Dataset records
-*-*-

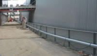 Obra Comsa Sant Cugat. Fabricacion de barandillas en serie para parking edificio Banco Sabadell, incorpora 1200 m con zonas curvas, luminarias integradas en tubo de defensa, y variantes para accesos.
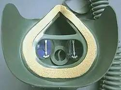 Silicone and rubber oxygen masks are heavier than plastic masks. They are designed to provide a good seal for long-duration use by aviators, medical research subjects, and hyperbaric chamber and other patients who require administration of pure oxygen, such as carbon monoxide poisoning and decompression sickness victims. Dr. Arthur H. Bulbulian pioneered the first modern viable oxygen mask, worn by World War II pilots and used by hospitals.[2] Valves inside these tight-fitting masks control the flow of gases into and out of the masks, so that rebreathing of exhaled gas is minimised.
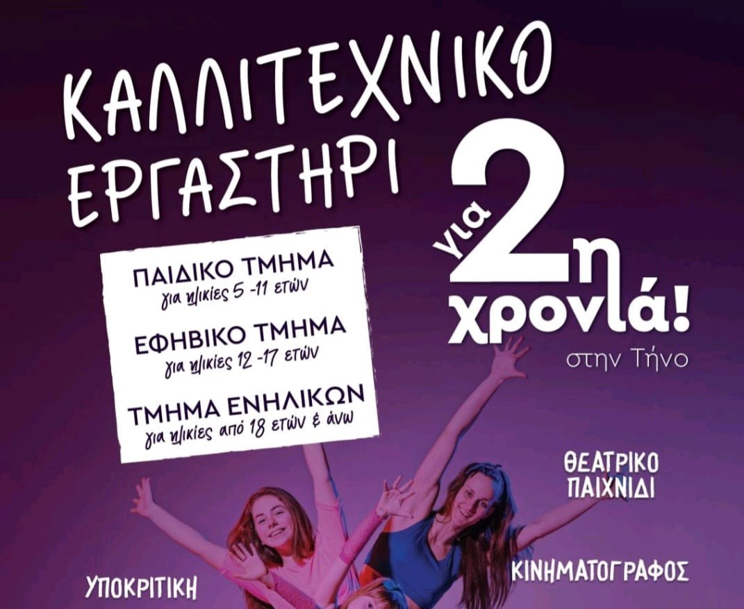 Σε συνεργασία με τον Σύλλογος Γυναικών Τήνου – Tinos Women Association το καλλιτεχνικό μας εργαστήρι ανοίγει τα πανιά του για δεύτερη χρονιά στο νησί της Τήνου & προσκαλεί μικρούς & μεγάλους να μυηθούν στην τέχνη του θεάτρου & του κινηματογράφου.
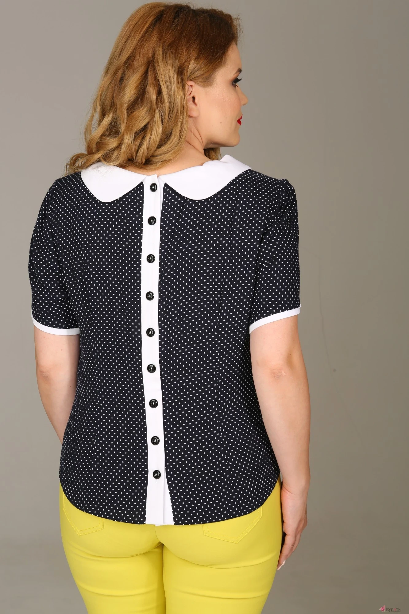 Элегантная женская блуза полуприлегающего силуэта. Горловина круглая оформленна отложным воротником с закругленными концами из контрастной ткани.На спинке планка из контрастной ткани с декоративными пуговицами.Рукава втачные со складками по окату, низ рукава оформлен планкой.
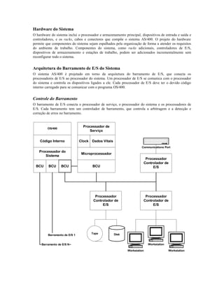 1) O documento descreve a arquitetura do sistema AS/400, incluindo suas camadas de hardware, software e interfaces. 2) A arquitetura isola os usuários dos detalhes do hardware através de camadas e fornece uma interface de máquina de alto nível. 3) O sistema usa objetos e armazenamento compartilhado para distribuir recursos de forma flexível e eficiente.
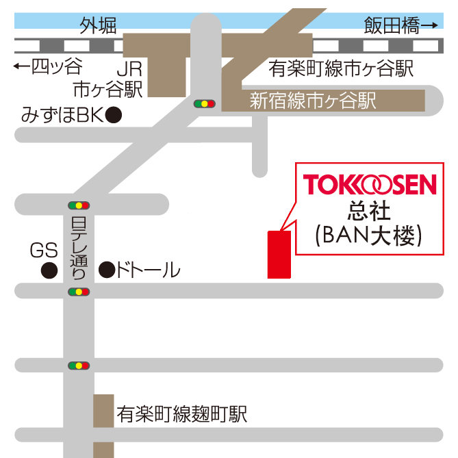 JR总武线、(地铁)都营新宿线、南北线:市谷站 步行6分

-*-*-

## Work item
Leave the pictures out, then output exactly the lines from the "Элегантная женская блуза" line through the end of the records above, and no others.

## Output of the exercise
 Элегантная женская блуза полуприлегающего силуэта. Горловина круглая оформленна отложным воротником с закругленными концами из контрастной ткани.На спинке планка из контрастной ткани с декоративными пуговицами.Рукава втачные со складками по окату, низ рукава оформлен планкой.
 1) O documento descreve a arquitetura do sistema AS/400, incluindo suas camadas de hardware, software e interfaces. 2) A arquitetura isola os usuários dos detalhes do hardware através de camadas e fornece uma interface de máquina de alto nível. 3) O sistema usa objetos e armazenamento compartilhado para distribuir recursos de forma flexível e eficiente.
 JR总武线、(地铁)都营新宿线、南北线:市谷站 步行6分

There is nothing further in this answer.